A0396
Title: Smoothed full-scale approximation of Gaussian process models for computations of large spatial datasets
Authors: Bohai Zhang - University of Wollongong (Australia) [presenting]
Huiyan Sang - Texas A\&M University (United States)
Jianhua Huang - Texas A and M University (United States)
Abstract: Gaussian process (GP) models encounter computational difficulties with large spatial datasets since its computational complexity grows cubically with sample size $n$. Although the Full-Scale Approximation (FSA) using a block modulating function provides an effective way for approximating GP models, it has several shortcomings such as the less smooth prediction surface on block boundaries and sensitiveness to the knot set under small-scale data dependence.
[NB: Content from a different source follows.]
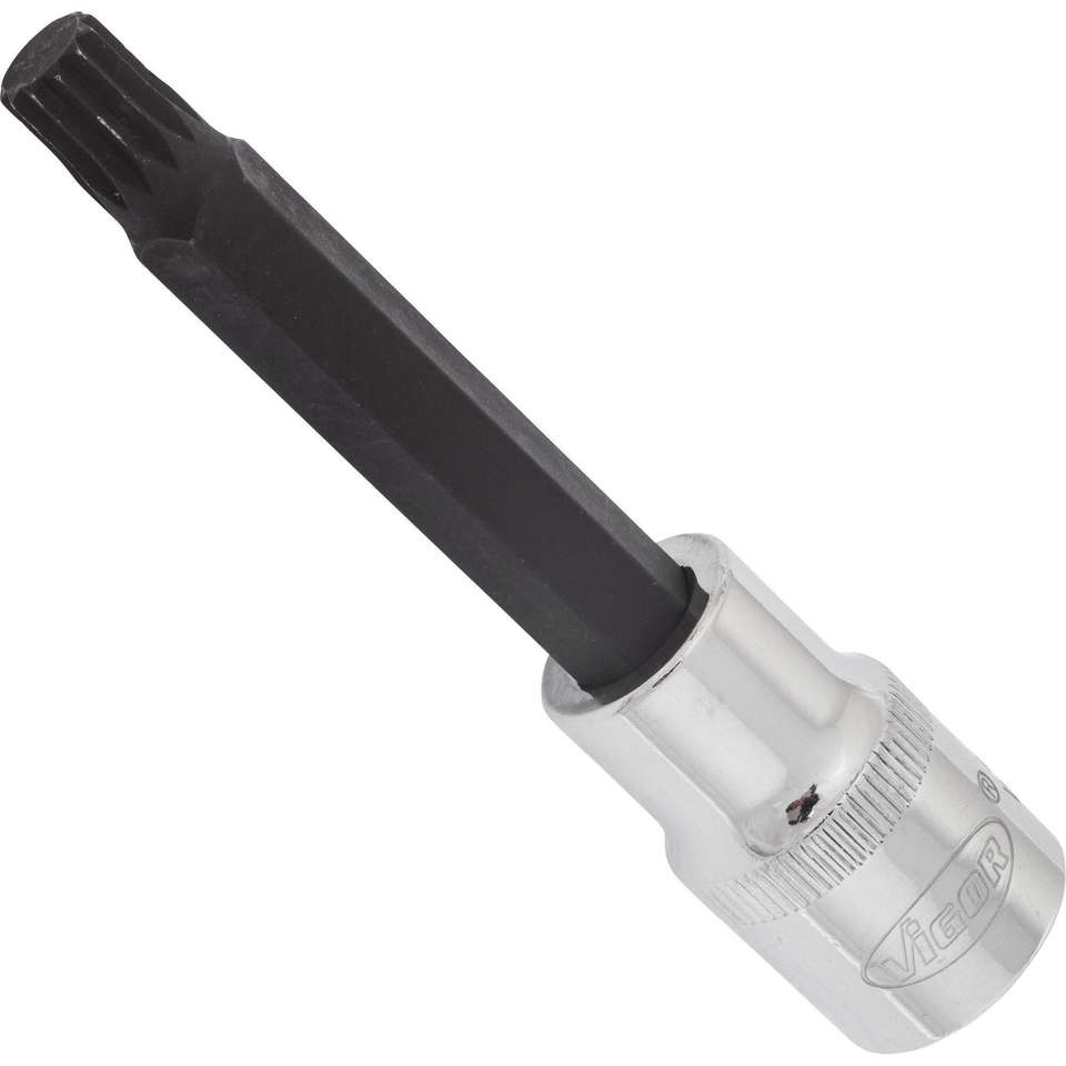 Vaso de destornillador VIGOR para tornillos con dentado interno ∙ XZN ∙ V2113 ∙ 1/2 pulgadas (12,5mm) cuadrado, hueco ∙ Serrati interno

To address these issues, we propose a Smoothed Full-Scale Approximation (SFSA) method for the analysis of large spatial dataset. The SFSA leads to a class of scalable GP models, whose covariance functions consist of two parts: A reduced-rank covariance function capturing large-scale spatial dependence and a covariance adjusting local covariance approximation errors of the reduced-rank part both within blocks and between neighboring blocks. The proposed method provides a unified view of approximation methods for GP models, encompassing several existing computational methods for large spatial datasets into one common framework. We illustrate the effectiveness of the SFSA approach through simulation studies and a precipitation dataset.